Vahedifard Farzan, Ai H Asher, Supanich Mark P, Marathu Kranthi K, Liu Xuchu, Kocak Mehmet, Ansari Shehbaz M, Akyuz Melih, Adepoju Jubril O, Adler Seth, Byrd Sharon
Department of Diagnostic Radiology and Nuclear Medicine, Rush University Medical Center, Rush Medical College, Chicago, IL 60612, USA.
Division for Diagnostic Medical Physics, Department of Radiology and Nuclear Medicine, Rush University Medical Center, Rush Medical College, Chicago, IL 60612, USA.
Diagnostics (Basel). 2023 Jul 13;13(14):2355. doi: 10.3390/diagnostics13142355.
In this study, we developed an automated workflow using a deep learning model (DL) to measure the lateral ventricle linearly in fetal brain MRI, which are subsequently classified into normal or ventriculomegaly, defined as a diameter wider than 10 mm at the level of the thalamus and choroid plexus. To accomplish this, we first trained a UNet-based deep learning model to segment the brain of a fetus into seven different tissue categories using a public dataset (FeTA 2022) consisting of fetal T2-weighted images. Then, an automatic workflow was developed to perform lateral ventricle measurement at the level of the thalamus and choroid plexus. The test dataset included 22 cases of normal and abnormal T2-weighted fetal brain MRIs. Measurements performed by our AI model were compared with manual measurements performed by a general radiologist and a neuroradiologist. The AI model correctly classified 95% of fetal brain MRI cases into normal or ventriculomegaly. It could measure the lateral ventricle diameter in 95% of cases with less than a 1.7 mm error. The average difference between measurements was 0.90 mm in AI vs. general radiologists and 0.82 mm in AI vs. neuroradiologists, which are comparable to the difference between the two radiologists, 0.51 mm. In addition, the AI model also enabled the researchers to create 3D-reconstructed images, which better represent real anatomy than 2D images. When a manual measurement is performed, it could also provide both the right and left ventricles in just one cut, instead of two. The measurement difference between the general radiologist and the algorithm ( = 0.9827), and between the neuroradiologist and the algorithm ( = 0.2378), was not statistically significant. In contrast, the difference between general radiologists vs. neuroradiologists was statistically significant ( = 0.0043). To the best of our knowledge, this is the first study that performs 2D linear measurement of ventriculomegaly with a 3D model based on an artificial intelligence approach. The paper presents a step-by-step approach for designing an AI model based on several radiological criteria. Overall, this study showed that AI can automatically calculate the lateral ventricle in fetal brain MRIs and accurately classify them as abnormal or normal.

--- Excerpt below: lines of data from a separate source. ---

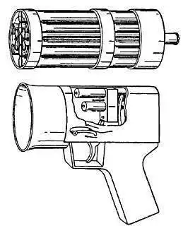 В этой конструкции использовались снаряды «Ланседжет» (Lancejet — «реактивная острога»), созданные калифорнийской фирмой М.В.А. в рамках работ над реактивным стрелковым оружием (см.). Снаряд имел калибр 6,4 мм, длину 300 мм, стартовую массу 55,7 г, пороховой реактивный двигатель. Под такие снаряды были выполнены из алюминиевого сплава пусковые устройства длиной 456 мм — однозарядное с неснаряженной массой 0,45 кг и шестизарядное массой 0,68 кг.
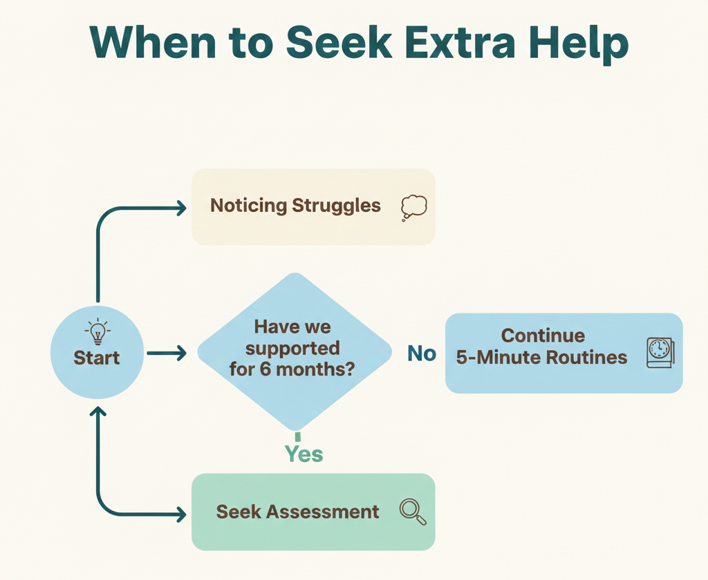 - Assess the Gap: If struggles last six months or more despite consistent home support, an assessment can pinpoint the exact learning issue.
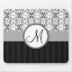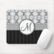 Uma imagem digital sem emenda do teste padrão do damasco preto e branco na parte superior, e listras envelhecidas do estilo do cetim do preto do vintage na parte inferior, com uma fita overlay com um selo customizável do texto do monograma.
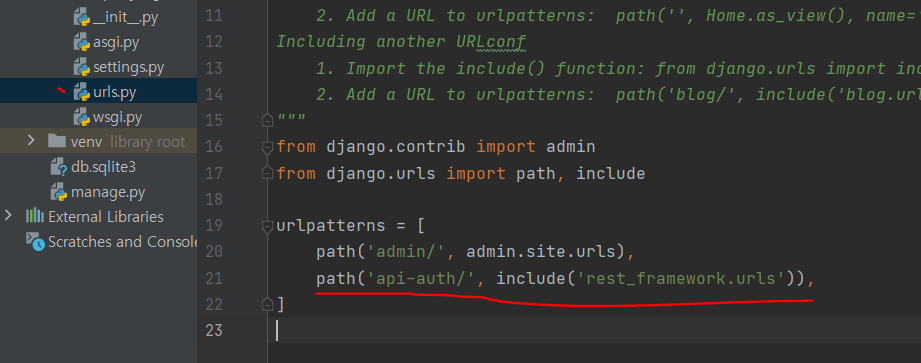 설치를 하고 난 후 INSTALLED_APPS 에 'rest_framework' 를 추가하고 urlpatterns 에 api 경로를 추가 해주라는 설명이 나와 있다 그대로 진행해 준다.
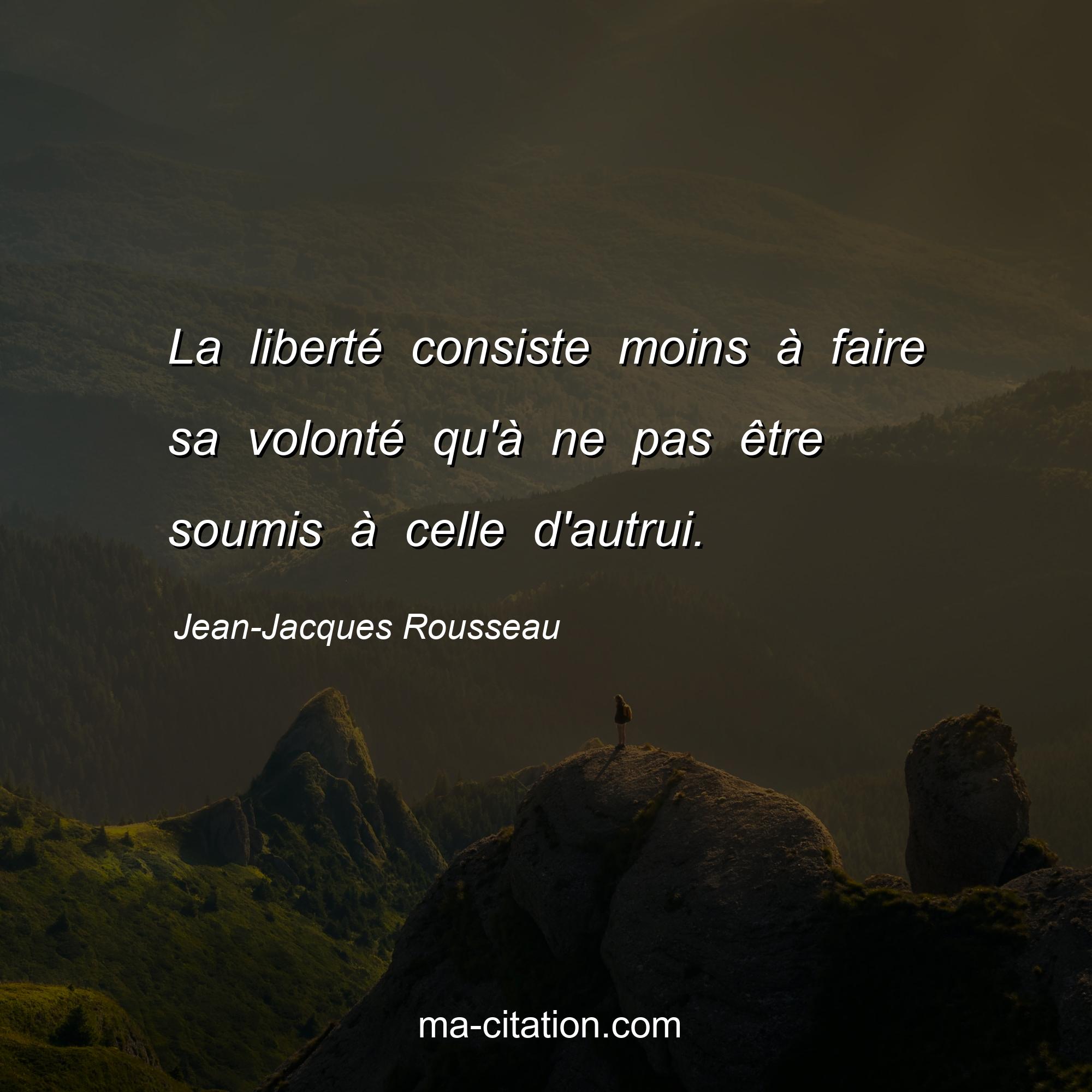 Citation sur la vie de Jean-Jacques Rousseau :La liberté consiste moins à faire sa volonté qu'à ne pas être soumis à celle d'autrui.
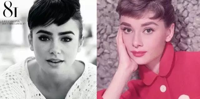 要数模仿赫本最成功的还是Lily Collins。左边是lily collins,右边是赫本。
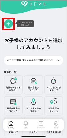 [+]をタップします。 次に、お子さま側の端末を設定します。STEP2へお進みください。
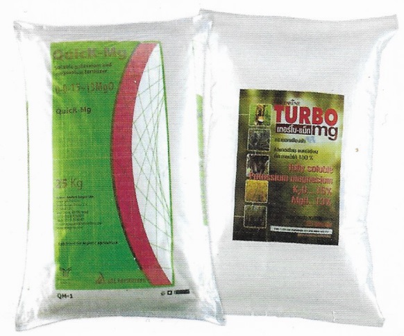เพื่อนๆทุกท่านผมขอแนะนำปุ๋ยทางดินของเรา ซึ่งมีเพียงตัวเดียวคือ เทอร์โบแม็กหรือควิคแม็ก 0-0-15+13 Mg ซึ่งแร่ธาตุธรรมชาติ แร่คานาไรท์จากทะเลสาบเดด ซึ่ง ให้ธาตุโปแตสเซียม 15% และแมกนีเซียม (MgO) 13% โดยแมกนีเซียมเป็นส่วนประกอบสำคัญของคลอโรฟิลล์ ทำให้ใบยาง เขียวขึ้น ใบหนาขึ้น เมื่อโรงครัวดี ทำให้ลำต้นยางขยายดี เปลือกหนาหน้ายางไม่แห้งนะครับ และที่สำคัญ เปอร์เซ็นต์น้ำยางขึ้น ยางน้ำหนักเพิ่มขึ้นครับ
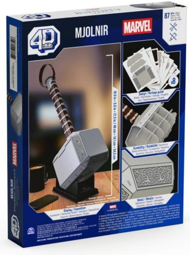 Tento 4D model Thorova kladiva Mjolniru si přímo říká o vystavení na vaší poličce! Vydejte se na dobrodružství superhrdinů s našimi 3D puzzle ze světa komiksů Marvel: The Infinity Saga.
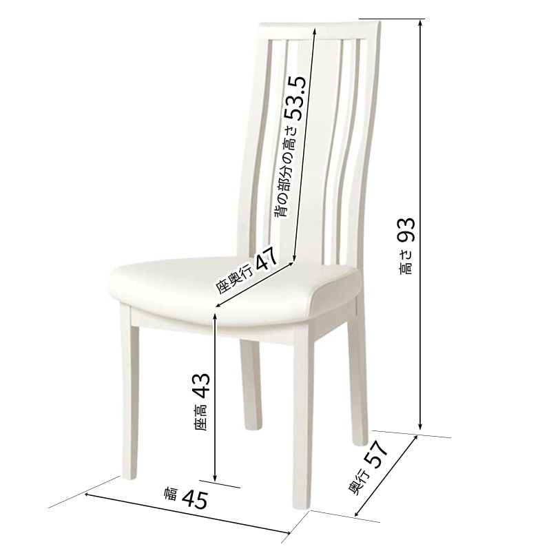 ダイニングチェアは幅45㎝×奥行57㎝×高さ93㎝(座面高さ43㎝)、
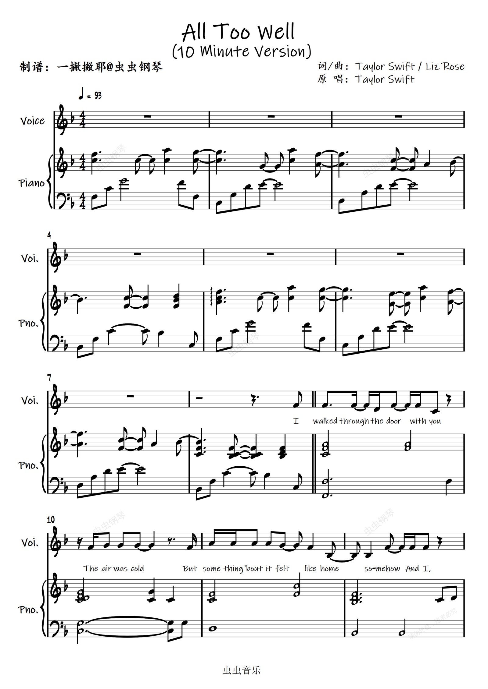 钢琴谱:男版弹唱谱《All Too Well 10 Min》Taylor Swift「一撇撇耶」
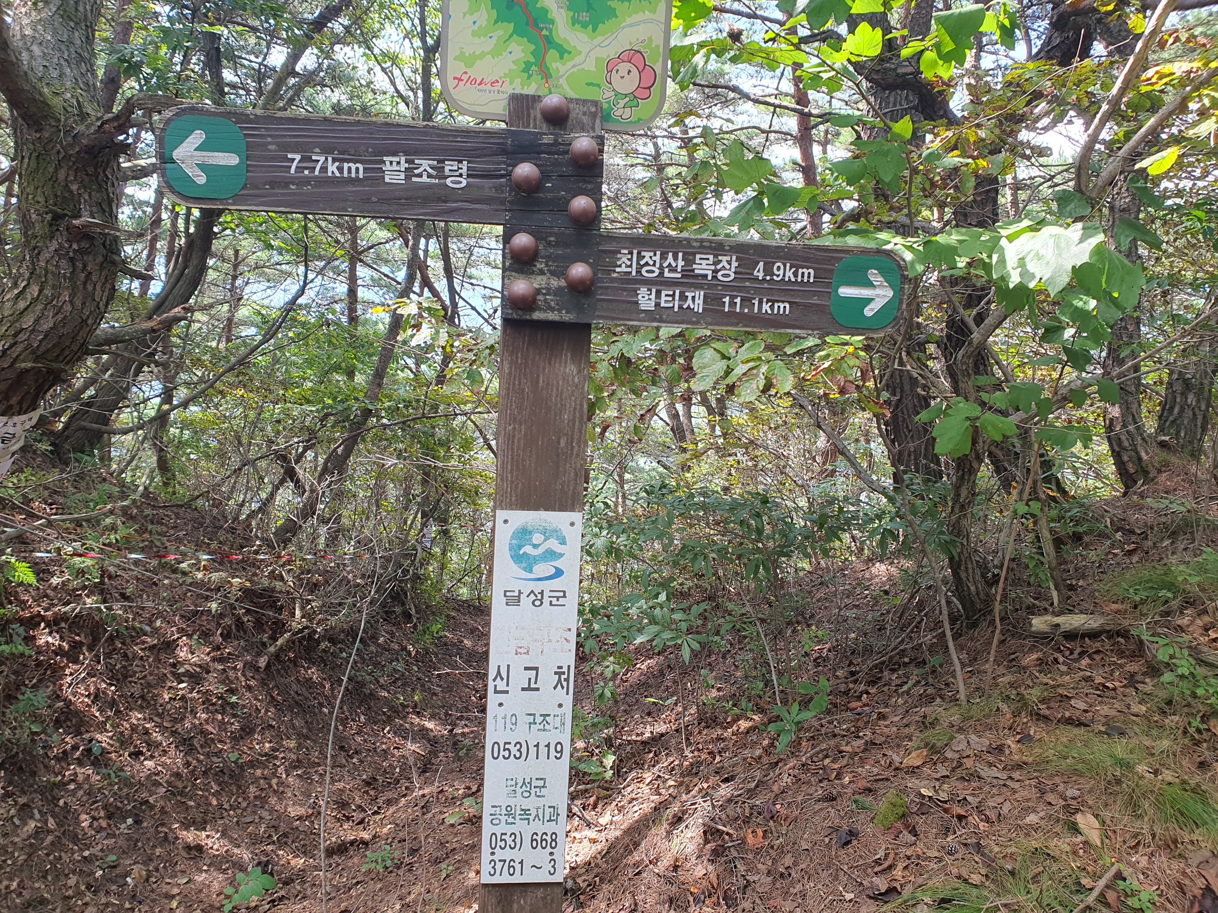 비슬지맥길 갈림 삼거리 여기서 남서릉 진행합니다
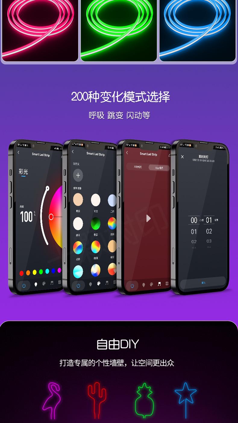 Australian regulations Small three button Bluetooth RGB neon light 3 meters set
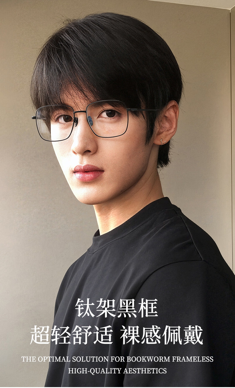 Thin-Framed Black Glasses for Men, Suitable for Nearsightedness and Astigmatism, Professional Online Prescription Glasses, Titanium Frame, High-End Feel
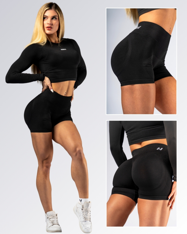 Čierne dámske bezšvové šortky s vysokým pásom od značky NEBBIA
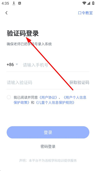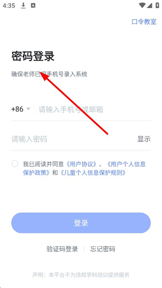1、進入密碼登錄界面,輸入手機號或郵箱、密碼,勾選協議后點擊登錄,即可進入平臺使用教育服務,確保老師已將手機號錄入系統。
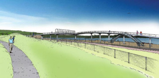 The overpass will take walkers from the southwest corner of Central Meadow over the BNSF tracks to the beach. Staircases will give walkers access to the beach and the first of three planned off-leash areas. When it is completed in 2010, the overpass will provide public access to the west-exposure beach.

在本研究中,我们开发了一种使用深度学习模型(DL)的自动化工作流程,用于在胎儿脑磁共振成像(MRI)中对侧脑室进行线性测量,随后将其分类为正常或脑室扩大,脑室扩大定义为在丘脑和脉络丛水平直径大于10毫米。为实现这一目标,我们首先使用由胎儿T2加权图像组成的公共数据集(FeTA 2022)训练了一个基于UNet的深度学习模型,将胎儿大脑分割为七种不同的组织类别。然后,开发了一种自动工作流程,以在丘脑和脉络丛水平进行侧脑室测量。测试数据集包括22例正常和异常的胎儿脑T2加权MRI。将我们的人工智能模型进行的测量与普通放射科医生和神经放射科医生进行的手动测量进行比较。人工智能模型将95%的胎儿脑MRI病例正确分类为正常或脑室扩大。它能够在95%的病例中测量侧脑室直径,误差小于1.7毫米。人工智能与普通放射科医生测量的平均差异为0.90毫米,人工智能与神经放射科医生测量的平均差异为0.82毫米,这与两位放射科医生之间的差异0.51毫米相当。此外,人工智能模型还使研究人员能够创建3D重建图像,与2D图像相比,能更好地呈现真实解剖结构。当进行手动测量时,它还可以在一次切割中同时提供左右脑室,而不是两次。普通放射科医生与算法之间的测量差异(=0.9827)以及神经放射科医生与算法之间的测量差异(=0.2378)无统计学意义。相比之下,普通放射科医生与神经放射科医生之间的差异具有统计学意义(=0.0043)。据我们所知,这是第一项基于人工智能方法使用3D模型对脑室扩大进行二维线性测量的研究。本文提出了一种基于若干放射学标准设计人工智能模型的分步方法。总体而言,本研究表明人工智能可以自动计算胎儿脑MRI中的侧脑室,并将其准确分类为异常或正常。